## Task description
Please set down exactly the lines of the listing below from the line containing "スルっと!ささみの筋取り 包丁 フォーク 裏ワザ- macaroni。" through the line containing "The University of", both lines included, leaving out all other lines.

## Extracted entries
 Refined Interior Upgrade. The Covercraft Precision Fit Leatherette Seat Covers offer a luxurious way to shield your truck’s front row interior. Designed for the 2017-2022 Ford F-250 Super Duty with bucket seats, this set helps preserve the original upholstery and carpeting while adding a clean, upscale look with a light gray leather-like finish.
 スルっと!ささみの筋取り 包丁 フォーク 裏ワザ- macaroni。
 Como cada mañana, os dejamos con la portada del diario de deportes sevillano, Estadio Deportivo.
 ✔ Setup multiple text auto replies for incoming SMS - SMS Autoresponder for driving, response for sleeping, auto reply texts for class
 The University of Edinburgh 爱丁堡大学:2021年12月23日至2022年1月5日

---

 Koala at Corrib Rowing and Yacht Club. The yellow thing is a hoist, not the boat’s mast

--

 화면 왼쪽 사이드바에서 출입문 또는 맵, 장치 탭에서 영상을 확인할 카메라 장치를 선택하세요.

## Answer to this task
 スルっと!ささみの筋取り 包丁 フォーク 裏ワザ- macaroni。
 Como cada mañana, os dejamos con la portada del diario de deportes sevillano, Estadio Deportivo.
 ✔ Setup multiple text auto replies for incoming SMS - SMS Autoresponder for driving, response for sleeping, auto reply texts for class
 The University of Edinburgh 爱丁堡大学:2021年12月23日至2022年1月5日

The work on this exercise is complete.